Better way to accumulate totals

I am just learning RUBY and am very impressed, I one week I’ve built
tree routines that will save my group 6 to 7 hours each week, and they
run in 2 minutes. Pretty cool. I would appreciate a suggest on how to do
some. I have a script that correctly parses a directory full of text
file and extracts key data. The data lines look like this:

" category value"

I have 15 categories and the code below works. But is crude. I create 15
global arrays and match each line “category” to the text trying in the
case statement. Would hash or an object work better. Just looking for
pointer of which way to direct my research. Thanks!

Below is part of a big loop that goes through each found line for each
document, and is in its own method.

case top_event[0].lstrip.rstrip
when “Redo size:”

        $redo_cnt[0] += 1
        $redo_cnt[1] += top_event[1].to_f



when "Logical reads:"

        $log_read_cnt[0] += 1
        $log_read_cnt[1] += top_event[1].to_f

On Oct 30, 2007, at 2:41 PM, Robert K. wrote:

when "Logical reads:"

        $log_read_cnt[0] += 1
        $log_read_cnt[1] += top_event[1].to_f

count = Hash.new{|h,k| h.update k => Hash.new{|h,k| h.update k => 0}}

case top_event[0].strip
when /redo size:/i
count[:redo][0] += 1
count[:redo][1] += Float(top_event[1])

when /logical reads:/i
count[:read][0] += 1
count[:read][1] += 1

require ‘yaml’

y count

is one approach.

cheers.

a @ http://codeforpeople.com/

ara.t.howard wrote:

count = Hash.new{|h,k| h.update k => Hash.new{|h,k| h.update k => 0}}

This works…

count = Hash.new{|h,k| h[k] = Hash.new{|h1,k1| h1[k1] = 0}}
=> {}
count[:foo][1] += 1
=> 1
count[:foo][1] += 1
=> 2
count[:foo][1] += 1
=> 3

On Oct 30, 2007, at 3:40 PM, Joel VanderWerf wrote:

This works…

count = Hash.new{|h,k| h[k] = Hash.new{|h1,k1| h1[k1] = 0}}
=> {}
count[:foo][1] += 1
=> 1
count[:foo][1] += 1
=> 2
count[:foo][1] += 1
=> 3

oh yeah, of course :wink: i’m in the habbit of using ‘update’ from
‘inject’ where is saves you having to return the hash itself…
shorter is better always.

cheers.

a @ http://codeforpeople.com/

ara.t.howard wrote:

=> 2
count[:foo][1] += 1
=> 3

oh yeah, of course :wink: i’m in the habbit of using ‘update’ from
‘inject’ where is saves you having to return the hash itself… shorter
is better always.

…but only if returning the hash is the right thing to do.
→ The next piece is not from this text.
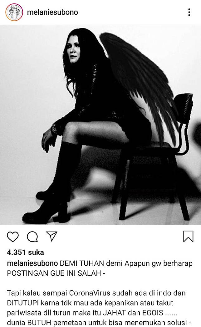 "Saya tidak percaya virus korona belum masuk ke Indonesia," tegas Melanie Subono saat dikonfirmasi JawaPos.com, Sabtu, 29 Februari 2020.

In this
case, we want the “leaf” value, not the hash:

irb(main):034:0> count = Hash.new{|h,k| h.update k => Hash.new{|hh,kk|
hh.update kk => 0}}
=> {}
irb(main):035:0> count[:foo][1] += 1
NoMethodError: undefined method `+’ for {1=>{}, :foo=>{}}:Hash
from (irb):35
irb(main):036:0> count
=> {1=>{}, :foo=>{}}

Robert K. wrote:

The data lines look like this:

" category value"

case top_event[0].lstrip.rstrip
when “Redo size:”

        $redo_cnt[0] += 1
        $redo_cnt[1] += top_event[1].to_f



when "Logical reads:"

        $log_read_cnt[0] += 1
        $log_read_cnt[1] += top_event[1].to_f

This might be easier to understand:

#Create a hash, so that when you use a
#key that doesn’t exist, it creates the key,
#assigns it the array [0,0], and returns the
#array:
categories = Hash.new() do |hash, key|
hash[key] = [0,0]
end

#Loop over each line in a file:
File.foreach(“data.txt”) do |line|
arr = line.split(":")
cat = arr[0].strip
val = Float(arr[1]) #causes an error if can’t convert

categories[cat][0] += 1
categories[cat][1] += val
end

p categories
puts categories[“Make pie”][0]
puts categories[“Redo size”][1]

Using this data:

Redo size: 1.1
Logical reads: 2.1
Redo size: 1.1
Hello world: 3.1
Make pie: 4.1
Hello world: 3.1
Make pie: 4.1
Make pie: 4.1

this is the output:

{“Make pie”=>[3, 12.3], “Hello world”=>[2, 6.2], “Redo size”=>[2, 2.2],
“Logical reads”=>[1, 2.1]}
3
2.2

2007/10/30, Robert K. [email protected]:

I am just learning RUBY and am very impressed, I one week I’ve built tree routines that will save my group 6 to 7 hours each week, and they run in 2 minutes. Pretty cool. I would appreciate a suggest on how to do some. I have a script that correctly parses a directory full of text file and extracts key data. The data lines look like this:

" category value"

I have 15 categories and the code below works. But is crude. I create 15 global arrays and match each line “category” to the text trying in the case statement. Would hash or an object work better. Just looking for pointer of which way to direct my research. Thanks!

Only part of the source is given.